### Task objective
Give again only the lines from the line that holds "penobon Antler Jewellery" to the end of the data, inclusive, omitting all pictures.

[[ Data extract, beginning ]]

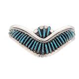 - 3557 YAZZIE JOHNSON NAVAJO STERLING SILVER NEEDLEPOINT TURQUOISE CUFF
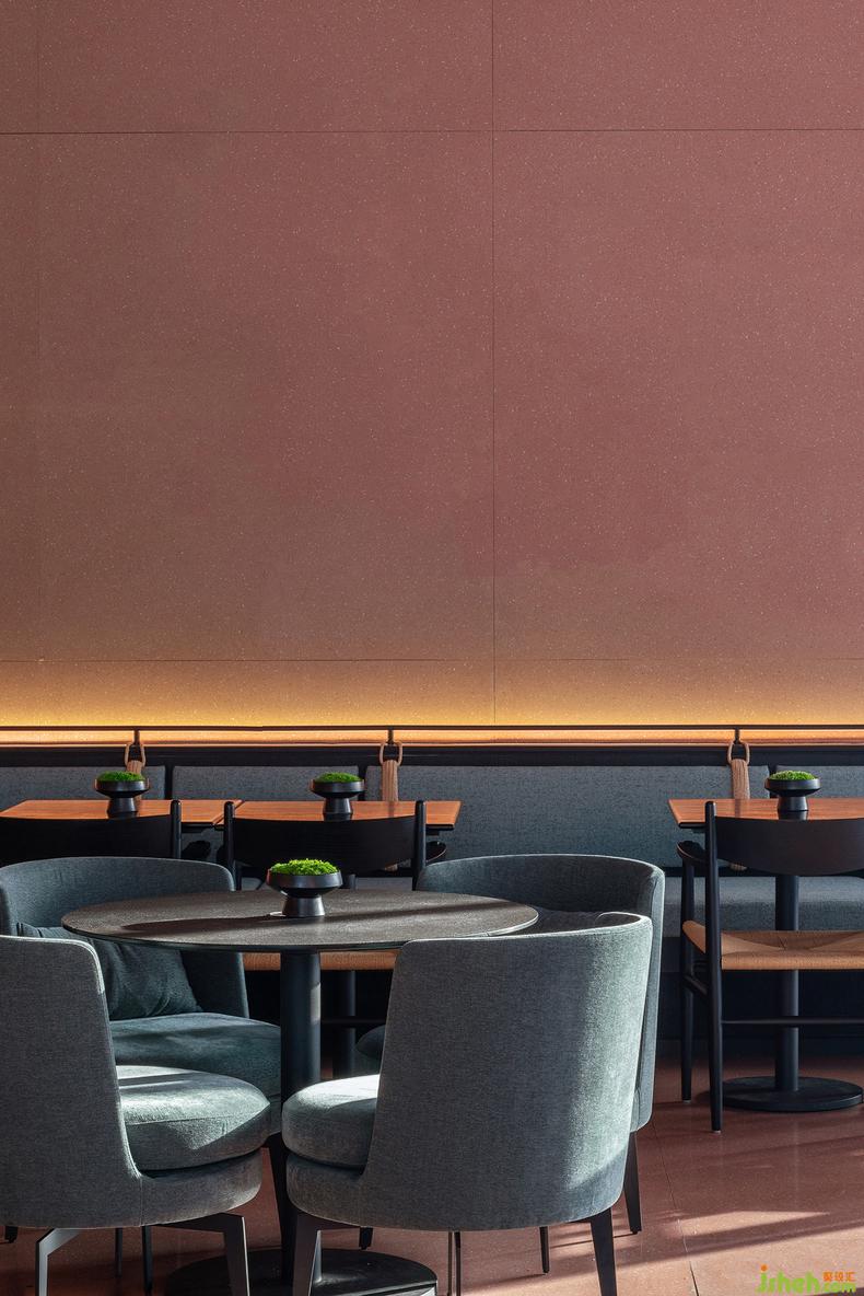 循規(guī)蹈矩的都市生活本就千篇一律,吃飯時間雖短暫卻成為日常重要的社交時間。為了讓日?;木筒统錆M舒適感和樂趣,空間里設置了多種就餐位置。一個人的吧臺座,二人卡座,四人乃至多人的聚集式座位,甚至戶外的花園空間,都能讓吃飯這件事變得無比放松,充滿更多種選擇。
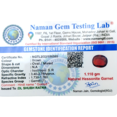 Hessonite garnet also known as gomed , is the gemstone of the Navagraha “Rahu”. It is a gem from garnet family comes under grossular garnet category. If weakened Rahu is known to cause trouble in many areas of life. Hessonite is a dark brown or honey-color, semi-precious gemstone comes in garnet mineral family. It is worn to ward off the negative effects of Rahu as well as popular to be extremely beneficial in financial and professional success. It is generally found in India, Africa & Sri-Lanka (Ceylon).
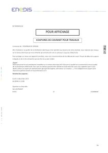 COUPURES DE COURANT POUR TRAVAUX LE LUNDI 15 DÉCEMBRE 2025
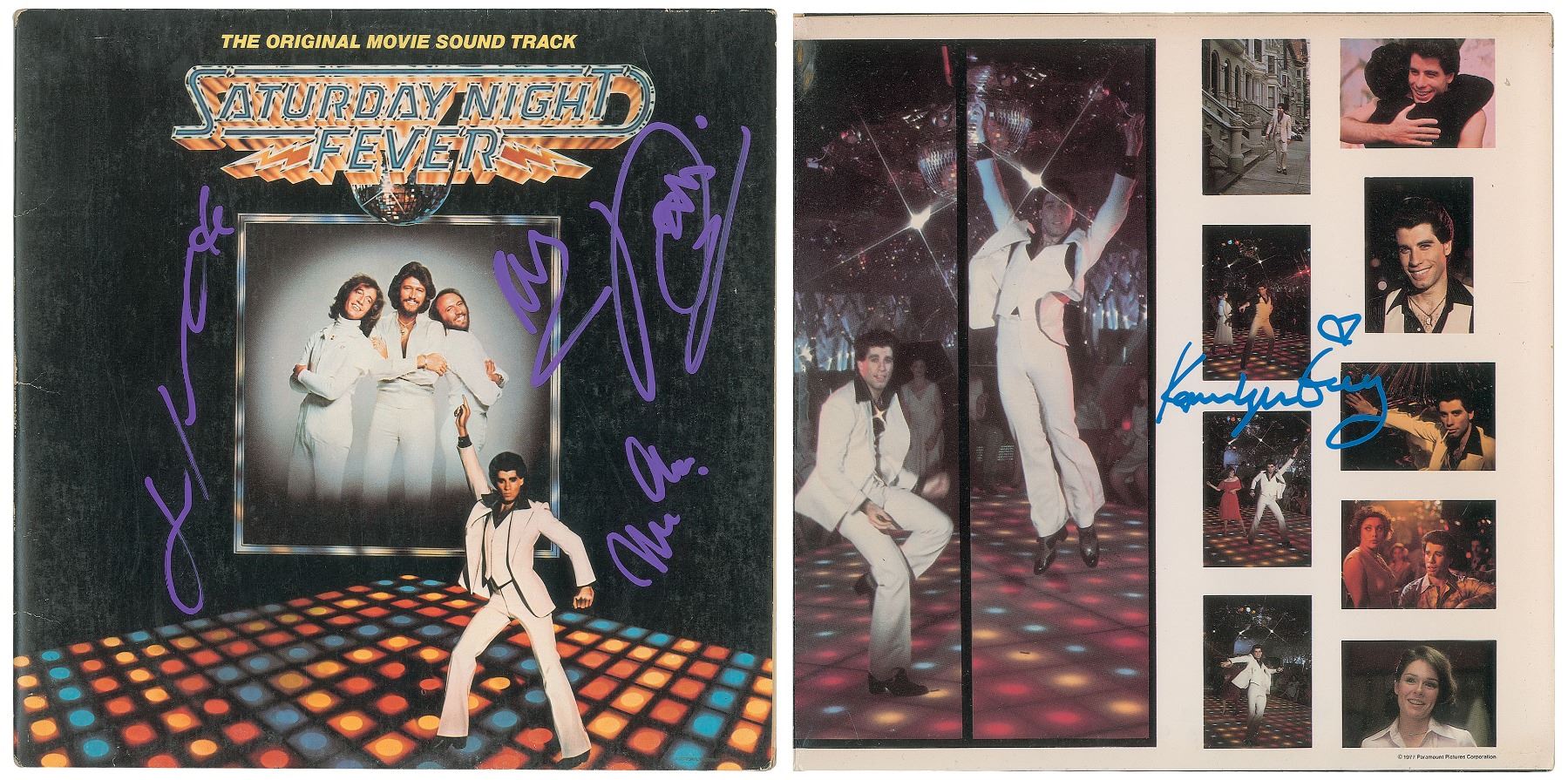 Saturday Night Fever movie soundtrack album signed on the front cover in purple paint pen by Barry, Robin, and Maurice Gibb, and John Travolta, with inner gatefold signed in blue paint pen by Karen Lynn Gorney. In fine condition, with some light edge wear. The record is included.
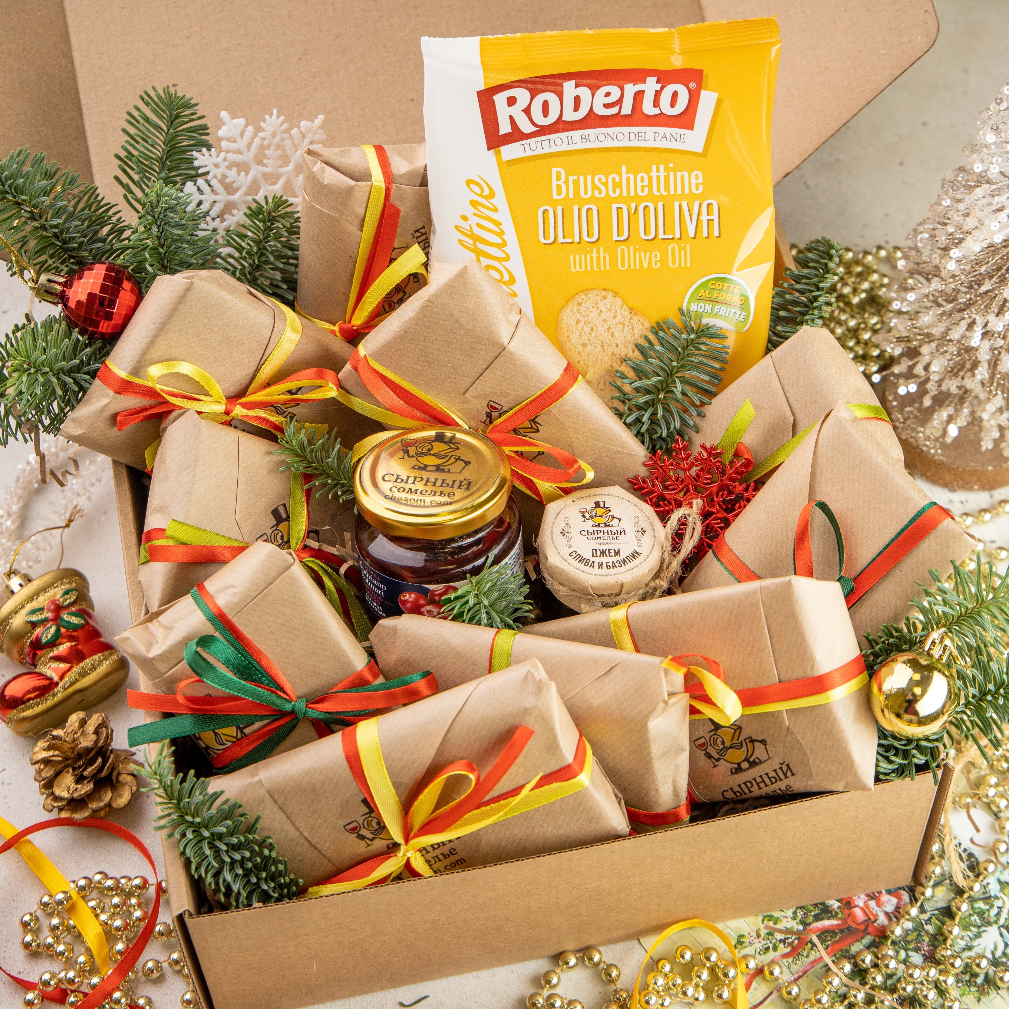 Подарочный набор с тремя видами сыров и фирменным джемом в праздничном оформлении
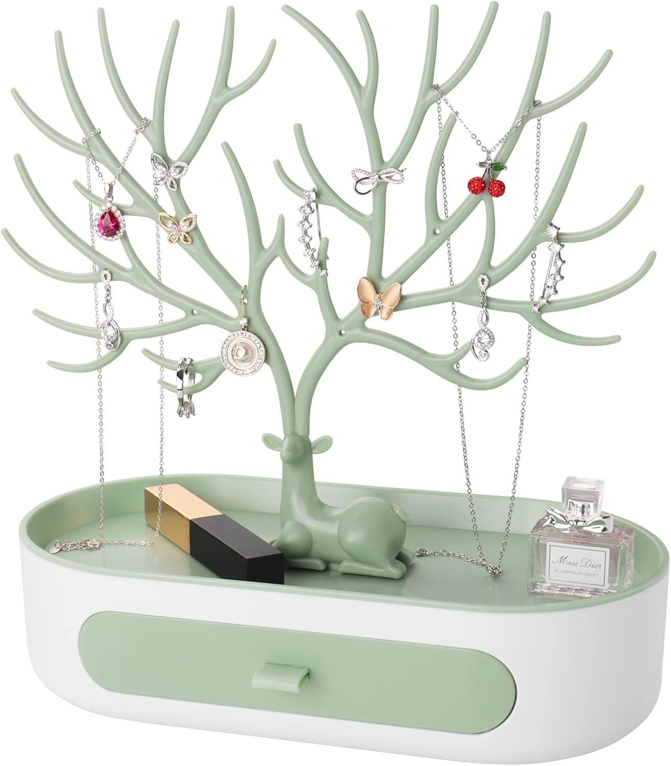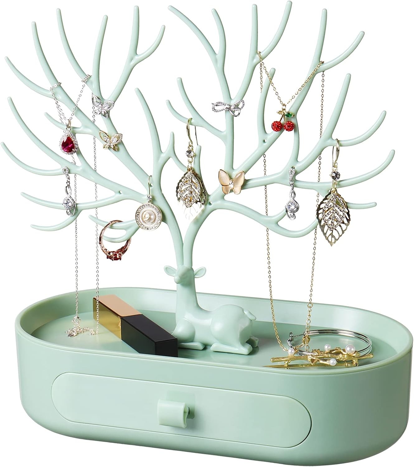 penobon Antler Jewellery Organiser Stand with Drawer, Plastic 3 in 1 Jewellery
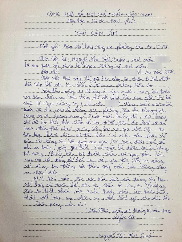 Lá thư cảm ơn chị Tuyền gửi Công an phường Tân An, TP. Cần Thơ
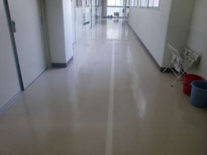 夏休みを利用して廊下の長尺シートにワックスがけを行いました。
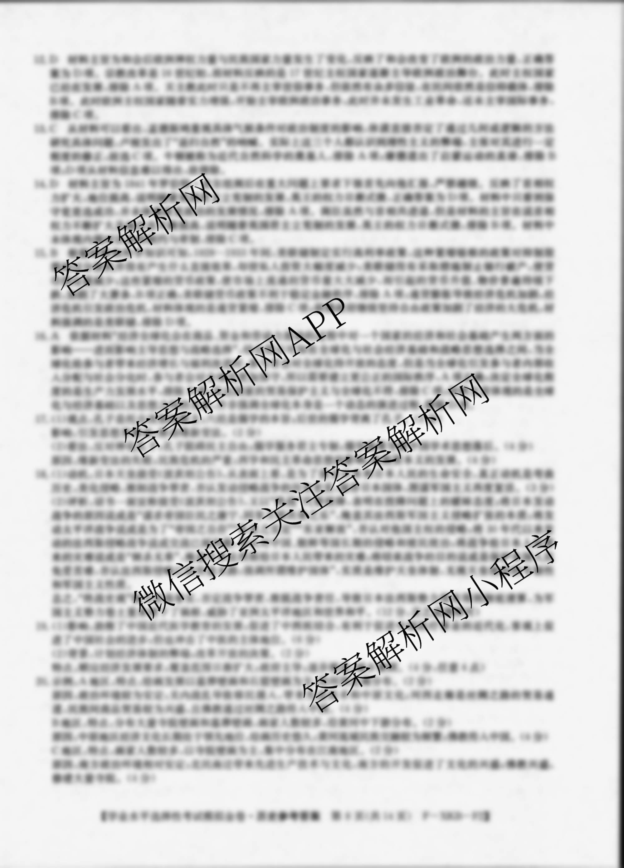 - 2024届[高三]XKB-F3普通高中学业水平选择性考试模拟金卷(四)4历史(F-XKB-F3)答案
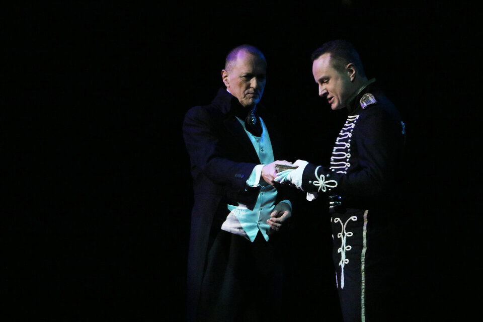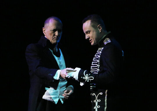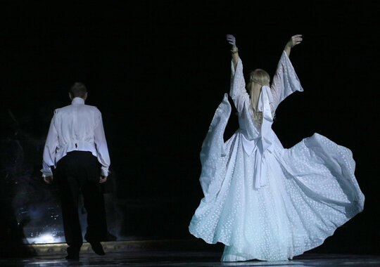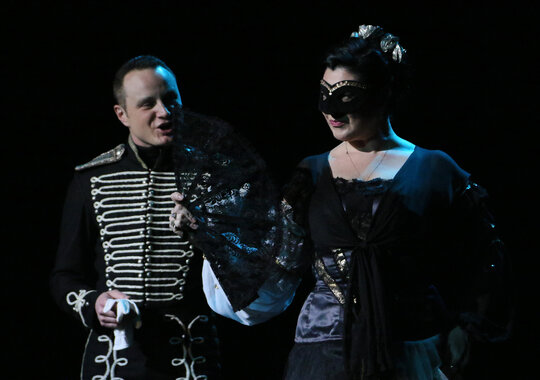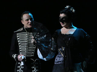 Один из самых легендарных спектаклей НЭТа, который идет на сцене театра с 1993 года с неизменными аншлагами. Изысканные костюмы, блестящая хореография, изумительная музыка и феерические эффекты – все это «Маскарад»! Любовная драма лермонтовских героев Арбенина и Нины получает в спектакле НЭТа глубоко человечную и очень современную трактовку. Арбенин наделен мятежным духом, но живет по законам своего общества. Пытаясь защитить свою честь, ослепленный ревностью и самолюбием, он совершает убийство любимой жены.

[[ Data extract, end ]]

### Result of this task
 penobon Antler Jewellery Organiser Stand with Drawer, Plastic 3 in 1 Jewellery
 Lá thư cảm ơn chị Tuyền gửi Công an phường Tân An, TP. Cần Thơ
 夏休みを利用して廊下の長尺シートにワックスがけを行いました。
 - 2024届[高三]XKB-F3普通高中学业水平选择性考试模拟金卷(四)4历史(F-XKB-F3)答案
 Один из самых легендарных спектаклей НЭТа, который идет на сцене театра с 1993 года с неизменными аншлагами. Изысканные костюмы, блестящая хореография, изумительная музыка и феерические эффекты – все это «Маскарад»! Любовная драма лермонтовских героев Арбенина и Нины получает в спектакле НЭТа глубоко человечную и очень современную трактовку. Арбенин наделен мятежным духом, но живет по законам своего общества. Пытаясь защитить свою честь, ослепленный ревностью и самолюбием, он совершает убийство любимой жены.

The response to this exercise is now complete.